2008.2.3〜2.6
Conference on Retroviruses and Opportunistic Infections (CROI 2008)
Boston, USA.
まずはHarrisらのグループの研究です。タイトルは『APOBEC3G’s Cytoplasmic Localization Is Actively Regulated but Not Required for HIV-1 Replication』です。彼らは、hAPOBEC3B, F, Gのキメラタンパク質を作り、実験を行っていました。彼らの報告では、hAPOBEC3B, F, Gの細胞内局在は、N末の部分が決めている。ただ、N末だけでは完全には局在は決まらない。また、局在と抗HIV-1活性はリンクしない。ということを報告していました。それ以上に私にとって重要な情報ももらいました。実はこの発表者は、前日に私のポスターを聞きにきてくれた人で、今自分たちの研究室でどのような研究をやっているかについても教えてくれました。

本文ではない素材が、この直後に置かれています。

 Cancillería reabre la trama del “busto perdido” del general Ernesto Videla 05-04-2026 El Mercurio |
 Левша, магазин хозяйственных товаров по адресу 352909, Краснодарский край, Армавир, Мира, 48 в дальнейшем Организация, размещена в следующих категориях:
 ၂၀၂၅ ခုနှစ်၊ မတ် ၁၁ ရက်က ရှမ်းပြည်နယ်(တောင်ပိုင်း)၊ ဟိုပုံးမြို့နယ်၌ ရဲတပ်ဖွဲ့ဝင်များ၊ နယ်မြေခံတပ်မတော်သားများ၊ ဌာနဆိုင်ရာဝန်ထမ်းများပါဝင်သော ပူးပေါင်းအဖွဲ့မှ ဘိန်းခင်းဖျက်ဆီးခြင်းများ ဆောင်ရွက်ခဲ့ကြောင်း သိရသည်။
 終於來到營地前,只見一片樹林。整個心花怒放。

2つ目は、『Distinct Packaging Mechanisms of Human Cytidine Deaminase APOBEC3 Proteins into HIV-1 Virions』で、Yuらのグループが報告していました。それによれば、hAPOBEC3CのHIV-1粒子内への取り込みには、hAPOBEC3Gで言われているように、GagのNC domainが必要ではなく、MAとCAが必要であること。またRNAは必要だが、ウイルスRNAは必要ではないことを報告していました。hAPOBEC3Cは、我々が今研究を行っているAPOBEC1と同じ、single-deaminaseタンパク質であるので、このメカニズムは非常に興味深いものがありました。そこでそのことを発表者に伝えたら、なぜAPOBEC1を研究しようと思ったのか?という質問を逆にされてしまいました。

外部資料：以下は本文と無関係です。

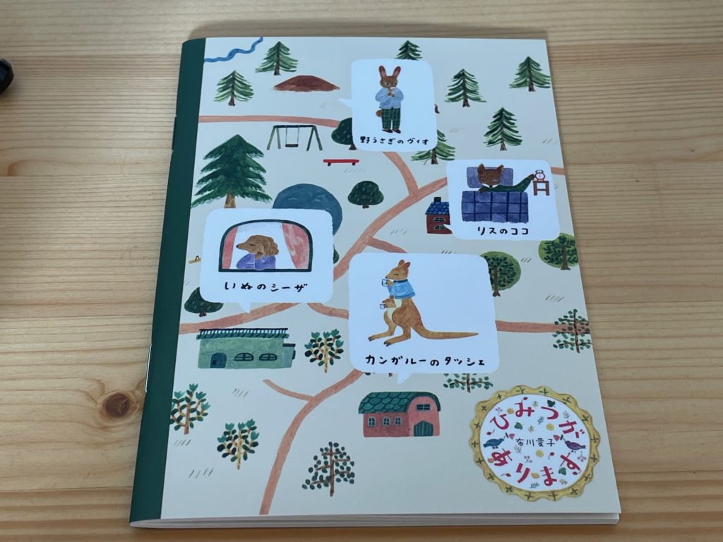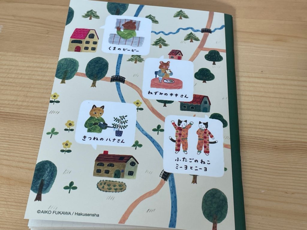 こちらはノート裏表紙です! 絵本に登場してくるキャラクターたちが勢ぞろいしています!かわいいな。今度絵本しっかり読みます!

3つめは、『Enzymatically Active APOBEC3G Is Required for Efficient Inhibition of HIV-1』というタイトルで、Strebelらのグループの報告でした。この演題はすでに論文にもなっていて、一度読んだことがあるのですが、今APOBEC3Gの抗HIV-1メカニズムは脱アミノ化に依存するメカニズムと依存しないメカニズムがあるということが言われてきました。彼らのグループは、このことに関して、二つの系を使って証明していました。1つは、APOBEC3Gのwild-typeとmutantをtransient transfectionで発現量を同じレベルにして、抗HIV-1活性を比較しました。もう1つは、wild-typeとmutant APOBEC3Gをstableに発現しているcell lineを作り、発現量が同じレベルの細胞を使って抗HIV-1活性を比較しました。その結果、タイトルどおりAPOBEC3GがHIV-1に対して抑制活性を示すためには、cytidine deaminase domainが必要であることを示していました。このことに関しても、今の研究にも重要なので、非常に参考になりました。